昭和34年(1959年)創刊の総合週刊誌「週刊文春」の紹介サイトです。最新号やバックナンバーから、いくつか記事を掲載していきます。各号の目次や定期購読のご案内も掲載しています。

「切り取ってロシアに渡せば…」ウクライナ情勢が緊迫するなか、日本で過熱する“親ロシア発言”

「レフチェンコ事件」に学ぶ、ソ連時代から続くロシアの“偽情報工作”

2022/02/23

「エージェント」は「スパイ」とはことなるもの

 なお、レフチェンコ事件でエージェントとされた人物のWikipedia項目を見ると、「ソ連のスパイ」と書かれていることがある。だが、当のレフチェンコはスパイとエージェントは全くことなるものとして、これらを混同する言説を批判している。レフチェンコはこう述べている。

 スパイというのは通俗語であって、諜報活動にたずさわっている人々をさす、ごく一般的な言葉なわけです。(中略)エージェントというのは、外国政府によってリクルートされて、自国の情報や機密などを相手に漏らしていく人物をさすわけです。同時に、外国政府の望み通りに、自国の政策などに影響を及ぼしていく人物も、エージェントの範疇に入ります。

 

週刊文春編集部編『レフチェンコは証言する』

 「外国政府の望み通りに、自国の政策に影響を及ぼす人物」という定義だと、一昔前の日本に大勢いたアメリカ流の新自由主義的な改革を主張する論者もエージェントに該当するかもしれない。そして、外国政府との直接的な接点が無くても、外国のエージェントたりうるのだ。実際にレフチェンコは「無意識のエージェント」というエージェントの自覚は無いが、エージェントとして使える人物を挙げている。

 このエージェント観は、現在のロシアでも見ることができる。2012年のNGO法改正では、外国から資金提供を受けるロシア国内の非政府団体(NGO)を「外国エージェント」とみなして登録し、政府に報告義務を設けるなどの締め付けを強めている。2019年のマスメディア法改正では、エージェントの役割を果たすとされた外国メディアの情報を発信する個人にまで対象範囲を拡げ、報道の自由を脅かすものと国際的批判を受けている。
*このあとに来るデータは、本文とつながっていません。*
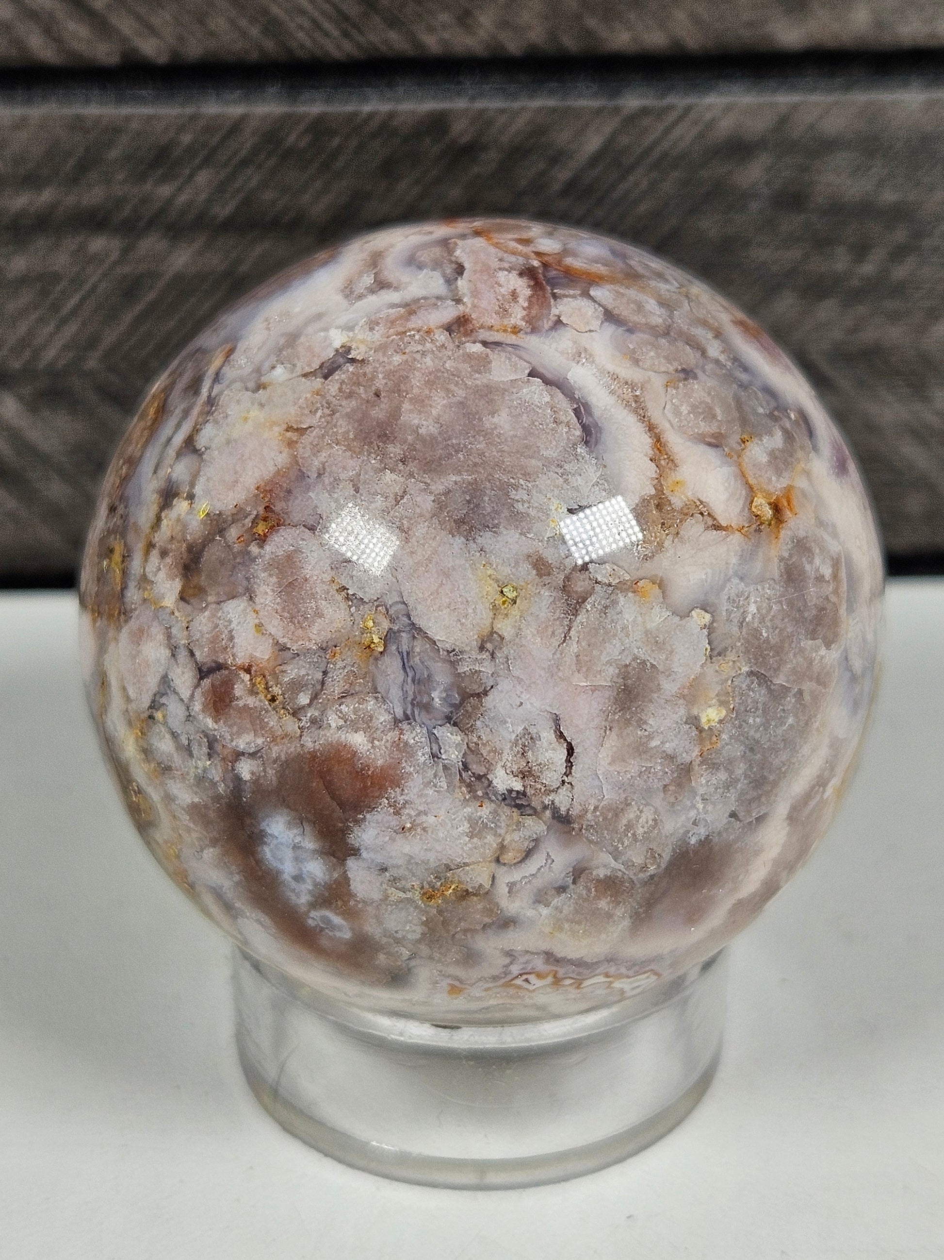 Deze bloemagaat bol is een uniek stuk natuursteen. De kenmerkende patronen zijn volledig natuurlijk gevormd, waardoor elke bol een eigen karakter en uitstraling heeft. Je ontvangt precies het exemplaar dat op de foto staat.

 同様にアメリカにも外国エージェント登録法が存在し、2017年にロシア政府が資金を出している報道機関RTのアメリカ法人、2018年には中国国営CGTNがエージェントとして登録されているが、あくまで法人のみである。

レフチェンコ氏 ©️文藝春秋

レフチェンコの証言に懐疑的だった日本

 こうした日本におけるKGBの影響力工作の実態を暴いたレフチェンコであったが、当時この証言について懐疑的な向きが日本では多かった。特に朝日新聞はレフチェンコ証言を否定する特集を組み、その執拗さに「朝日はソ連に対し愛を感じすぎている。愛は人を盲目にする」とレフチェンコを呆れさせている。朝日の名誉のために言えば、レフチェンコ証言で多くの新聞社にエージェントがいることが明らかにされたが、朝日については明らかになってない(テレビ朝日にはいた)。エージェントでなくても、思い入れで外国を利することはあるのだ。

 後にKGB文書の管理者であったミトロヒンが持ち出した内部文書や、その他のKGB亡命者の証言はレフチェンコの証言を肯定するもので、さらにエージェントの議員がいるとされた日本社会党の元調査部長も冷戦崩壊後にレフチェンコと対談し、当時の社会党内でレフチェンコ証言が真剣に受け止められていたことを告白しているなど、現在は信憑性のあるものとみなしていいだろう。